Navy installing first CANES system

The Navy’s next-generation shipboard tactical computing system is expected to set sail in the spring aboard a San Diego-based destroyer, the first of 23 ships scheduled to receive the system in an initial deployment.

Strategic report

Navy personnel on Arleigh Burke-class guided-missile destroyer USS Milius discuss blueprints for the Consolidated Afloat Networks and Enterprise Services program.

The Navy’s next-generation shipboard tactical computing system is expected to set sail in the spring aboard a San Diego-based destroyer, the first of 23 ships scheduled to receive the system in an initial deployment.

Installation of the Consolidated Afloat Networks and Enterprise Services (CANES) system aboard the U.S.S. Milius began Dec. 17 and is expected to take 18 weeks, Navy officials said. At least seven other vessels are slated to have CANES installed by October, with the balance installed in fiscal 2014.
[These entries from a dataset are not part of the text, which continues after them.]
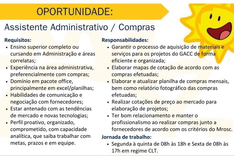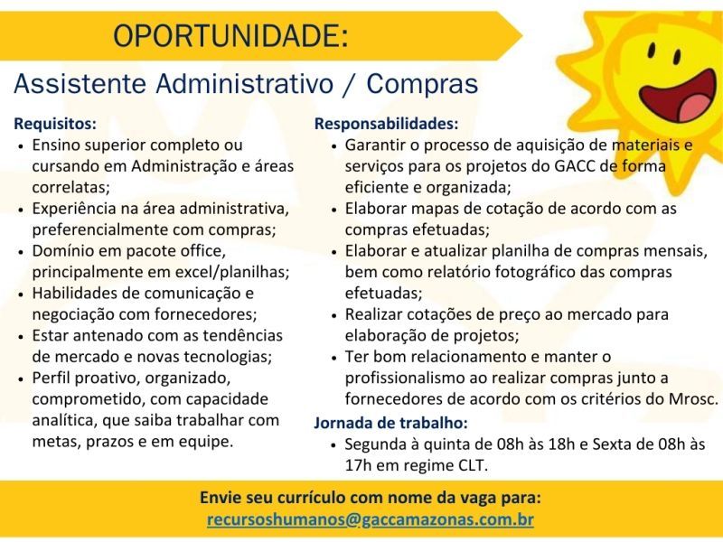 Empresa está selecionando Assistente administrativo compras; Envie seu currículo!
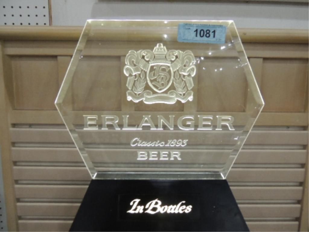 SCHLITZ BEER SIGN LIGHTED BAR SIGN OLD ERLANGER BRAND UP LIGHT BOTTLE PUB ERLANGER BEER CLEAR TABLE TOP LIGHT SIGN. AS SHOWN. SEE PHOTO FOR MORE DETAILS.
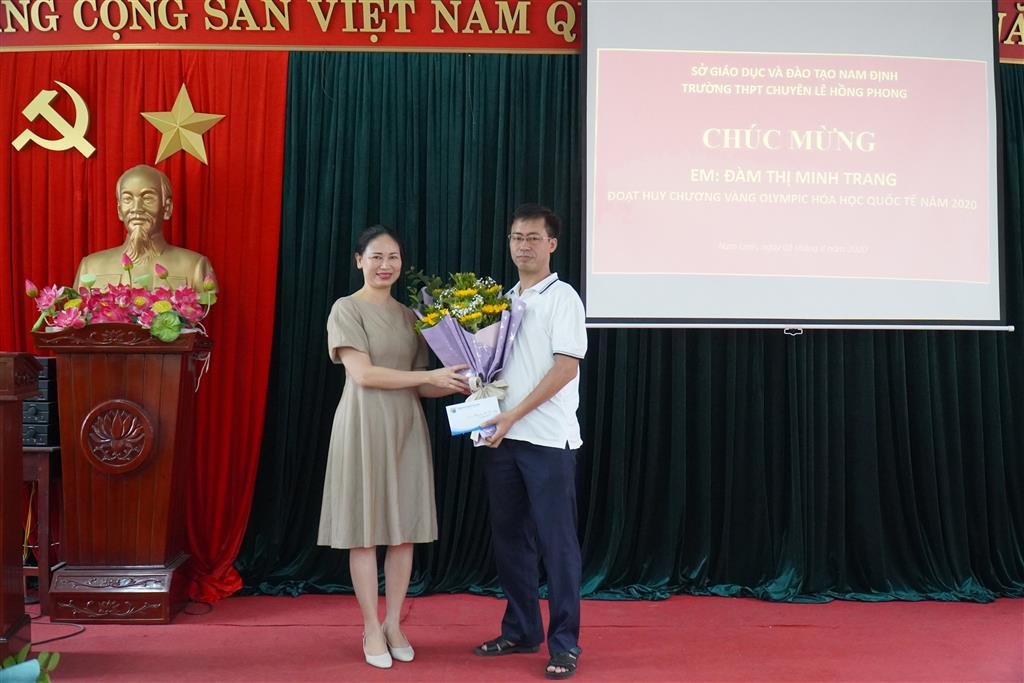 Tấm huy chương vàng Olympic Quốc tế môn Hóa học của cô gái nhỏ nhắn Đàm Thị Minh Trang là kết quả xứng đáng cho những nỗ lực say mê không mệt mỏi của bản thân em, của thầy trò nhà trường. Đó là món quà tri ân vô cùng ý nghĩa với nhà trường và càng ý nghĩa hơn nhân sự kiện 100 năm thành lập trường, 60 năm trường mang tên tổng bí thư Lê Hồng Phong.
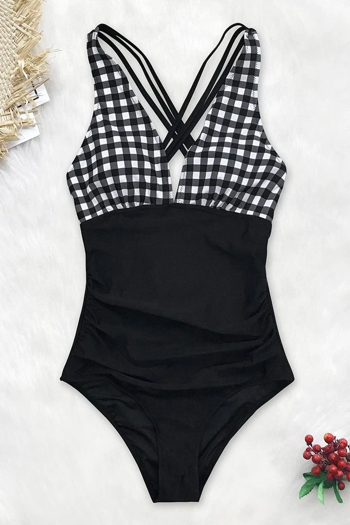 Gingham is the must-have print of the season! Our Black and White Gingham Ruched One-Piece Swimsuit features back cross straps and black color block. Ruching at the front for a slimming silhouette.
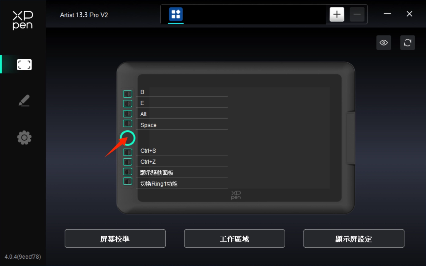 點擊圖上的筆按鍵位置,即可打開熱鍵設置界面,進行自定義功能設置。
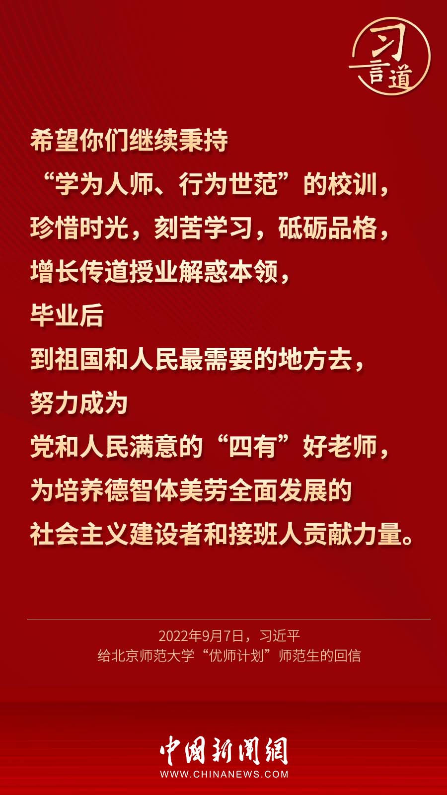 9月7日,习近平总书记回信勉励北京师范大学“优师计划”师范生,努力成为党和人民满意的“四有”好老师。十八大以来,习近平多次通过书信的形式,对教师群体寄予殷切期望。
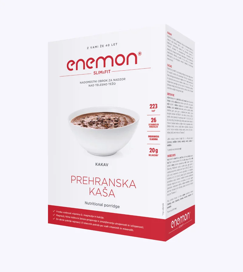 - Za zniževanje ali vzdrževanje telesne teže - za zniževanje teže nadomestite 2 obroka na dan z Enemon Slim, za vzdrževanje pa zadostuje 1 nadomestni obrok (priporočljivo zajtrk ali večerja)

Northrop Grumman Information Systems is handling the initial shipboard installations under a $638 million contract awarded in February 2012. A full-scale production decision is expected by the end of fiscal 2014, which would lead to the new system being aboard 192 vessels by 2020, officials said.
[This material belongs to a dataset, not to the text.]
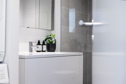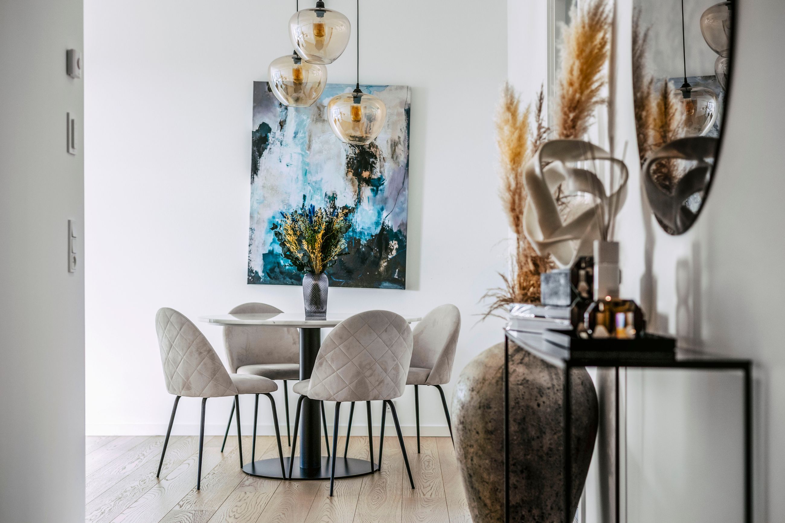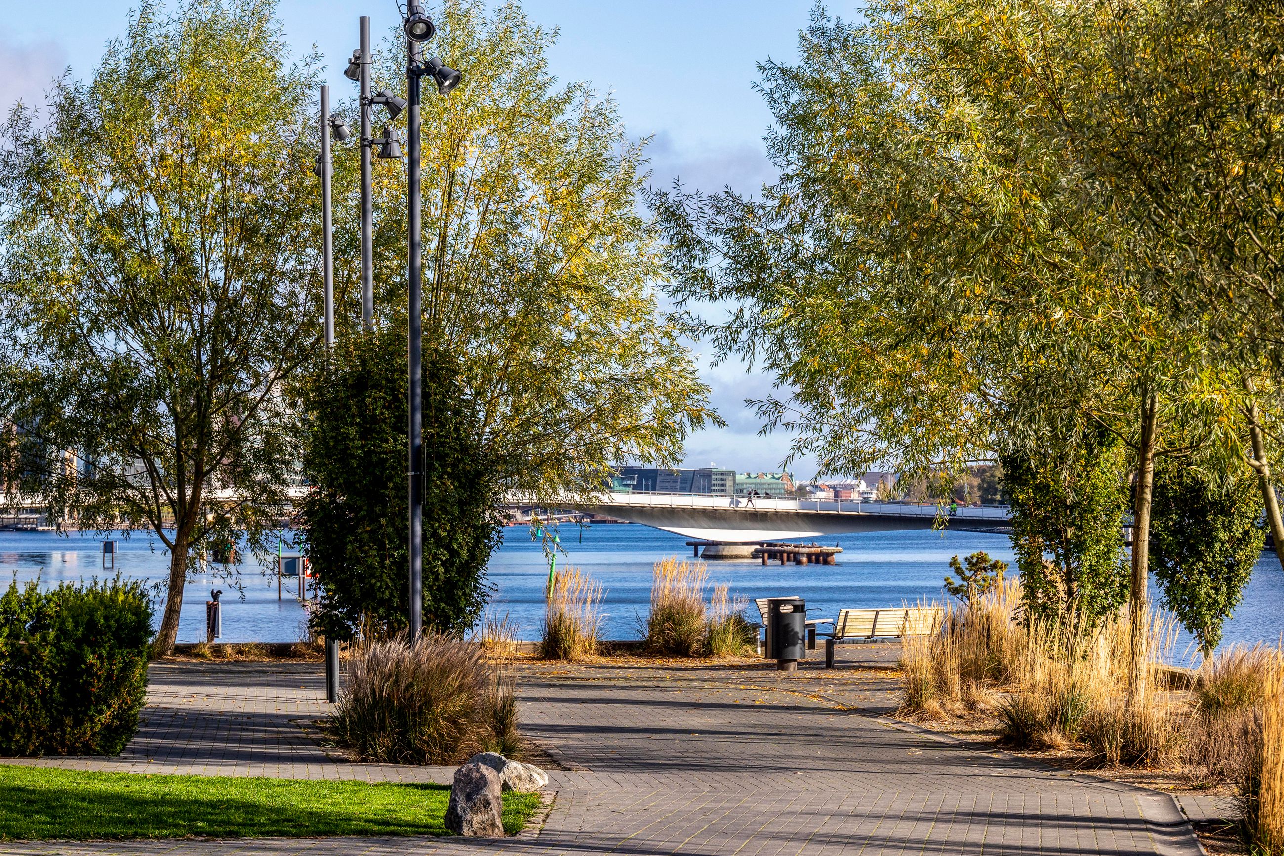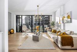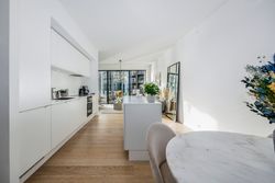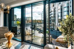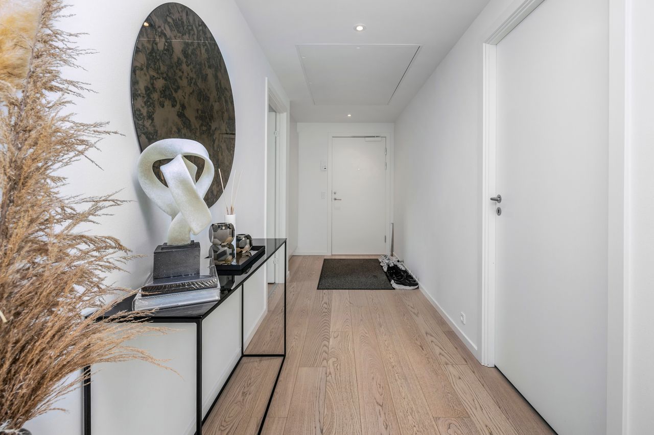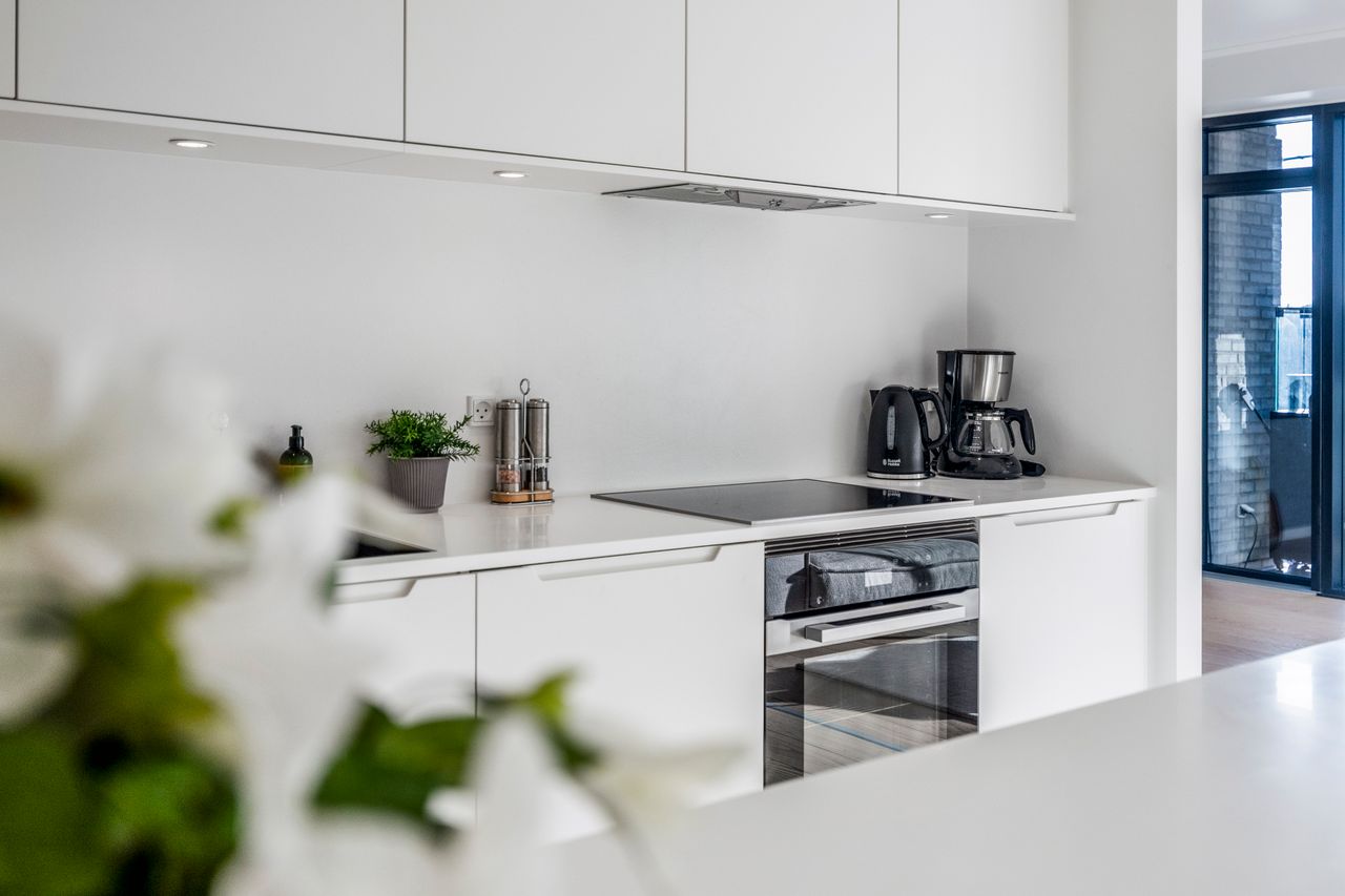Velkommen til et lyst og indbydende byhjem på havnefronten, hvor udsigten får lov at fylde. Fra stuen har du et eksklusivt kig over vandet mod Bryggen, du følger livet på kanalerne med kajakker og paddleboards og får et dagligt lysindfald, der skaber ro og rum. Rummet opleves åbent og harmonisk, og de brede vinduespartier rammer himlen og vandet ind, så udsigten bliver en naturlig del af indretningen året rundt.

The process of installing CANES, which replaces five legacy networks and greatly enhances information security, had been delayed in part by ongoing wrangling over the federal budget.
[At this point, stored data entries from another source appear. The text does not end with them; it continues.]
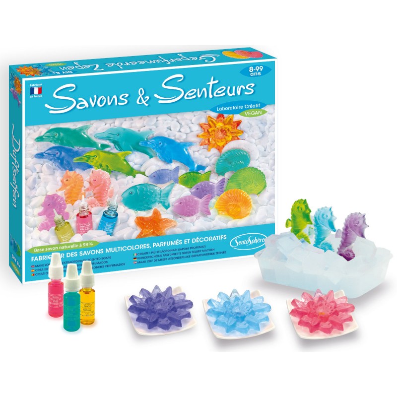 Zestaw do stworzenia mydełek zapachowych Sentophere to wyjątkowy zestaw kreatywny, który pozwala na zabawę z dzieckiem. Dzięki aromatom i barwnikom, a także pomysłowym foremkom, można samodzielnie stworzyć pełną gamę różnokolorowych mydełek o przyjemnym zapachu. Zawartość opakowania: baza glicerynowa do mydeł (450g), 10 foremek do mydełek, 2 aromaty kosmetyczne, 3 barwniki kosmetyczne, 5 pipetek do dozowania, instrukcja.
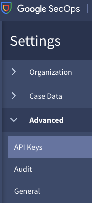 <figure><img src="https://435022081-files.gitbook.io/~/files/v0/b/gitbook-x-prod.appspot.com/o/spaces%2FmBVcKuiytGCsIDpL70BC%2Fuploads%2Fgit-blob-c817bc7034e746a137eebc6c99352eb1366c0b6b%2Fgoogle-secops-14.png?alt=media" alt=""><figcaption><p>Navigate to API Keys</p></figcaption></figure>
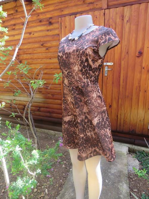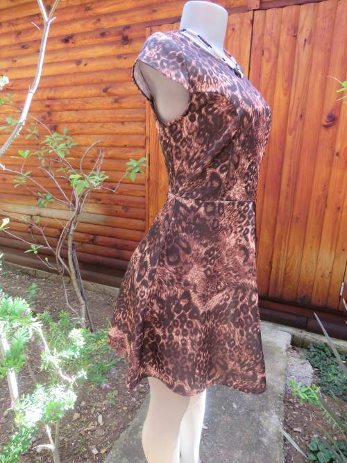 Pretty animal print dress by RT in W+W polyester.Size 34/10.Tiny capped sleeves.Good condition
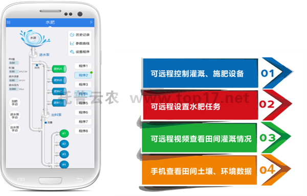 托普物聯(lián)網(wǎng)技術(shù)應(yīng)用,真正實(shí)現(xiàn)了農(nóng)業(yè)生產(chǎn)自動(dòng)化、管理智能化,通過電腦、手機(jī)實(shí)現(xiàn)對(duì)溫室大棚種植管理智能化調(diào)溫、精細(xì)化施肥,可達(dá)到提高產(chǎn)量、改善品質(zhì)、節(jié)省人力、降低人工誤差、提高經(jīng)濟(jì)效益的目的,實(shí)現(xiàn)溫室種植的高效和精準(zhǔn)化管理。
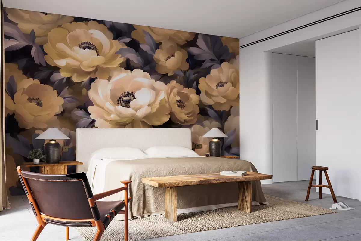 Fototapet Blomstret oliemaleristil baseret på beige og lilla farve Nr. w01581
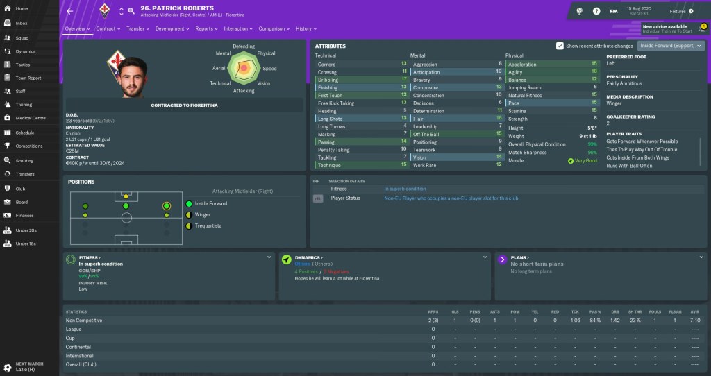 It’s about time I brought an English player to Florence, isn’t it? Patrick Roberts was available on a free after failing to break into Manchester City’s all-conquering team, but this agile left-footed, right-sided forward will get more opportunities here. Having previously managed the Londoner on FM17, I’m looking forward to some potential brilliance.
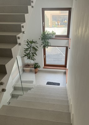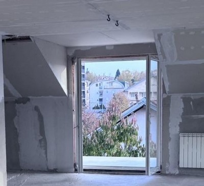 knjižen trosoban stan u sivoj fazi sa dva obeležena parking mesta u dvorištu. Nalazi se na drugom spratu stambene zgrade sa četiri stana iz 2021.u mirnoj ulici. Zgrada je u potpunosti završena, dvorište je uređeno, ostali stanovi useljeni. Instalacije su izvedene, spoljna stolarija postavljena, potrebni su završni radovi. Sastoji se od 100m2 grejne površine i 15m2 terase sa otvorenim pogledom. Grejanje je etažno. Uknjižen na vlasnika bez tereta i zabeležbi.
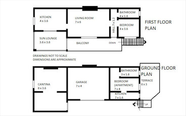 On the ground floor there is a self contained studio apartment with holiday rental potential. It consists of a fully equipped kitchen/dining area, a large bedroom with space for a double and 2 single beds, chests of drawers and wardrobe space. the bathroom is en suite with a toilet, bidet, washbasin and full sized bath with shower.

CANES program managers hope the continuing crisis won’t further delay the process. A last-minute deal delayed the $500 billion in automatic cuts to Pentagon spending that were to take effect Jan. 2, but only for two months, and the department is operating through the first months of fiscal 2013 under a continuing resolution that runs out in March.

Navy Secretary Ray Mabus warned on Jan. 13 that IT spending and spending on future operations would be reduced unless a more permanent solution to the budget crisis is found before the “fiscal cliff” is reached.

“Obviously we’re a little concerned with the fiscal cliff and what that could do to funding,” said Michael R. Twyman, defense systems division vice president and general manager for Northrop Grumman Information Systems.

CANES is being developed in tandem with a new shore-based IT system, the Next Generation Enterprise Network (NGEN), as part of the Navy’s plan to have an integrated computing environment in place by 2016.

It’s “a major upgrade to the network and the computing capability” aboard Navy ships and “is being developed to the very highest levels of [information assurance] requirements,” Twyman said.

As such, there’s some urgency to increase the pace of installations , since the legacy networks are no longer capable of handling increased shipboard bandwidth requirements and can’t provide adequate cyber security in today’s high-threat environment, Capt. D.J. LeGoff, the Navy’s CANES program manager, told reporters in a Dec. 21 conference call.

“We’re trying to get those platforms that have the oldest and most problematic networks replaced first,” he said.

The installations are being scheduled to coincide with regular maintenance availabilities for the U.S.S. Milius and other targeted ships so as not to further delay them from being available for deployment, LeGoff said. He added that officials hope to find ways of accelerating the process further.

“We’re going to look at every avenue we can to shorten availabilities and get to more ships faster,” said Rear Adm. Jerry Burroughs, the Navy’s program executive officer for command, control, communications, computers and intelligence.

Connectivity aboard Navy ships around the world is provided by the Commercial Broadband Satellite Program, which provides increased broadband access to handle the increased networking capabilities. Intelsat General manages the program, now in the third year of a five-year, $543 million contract.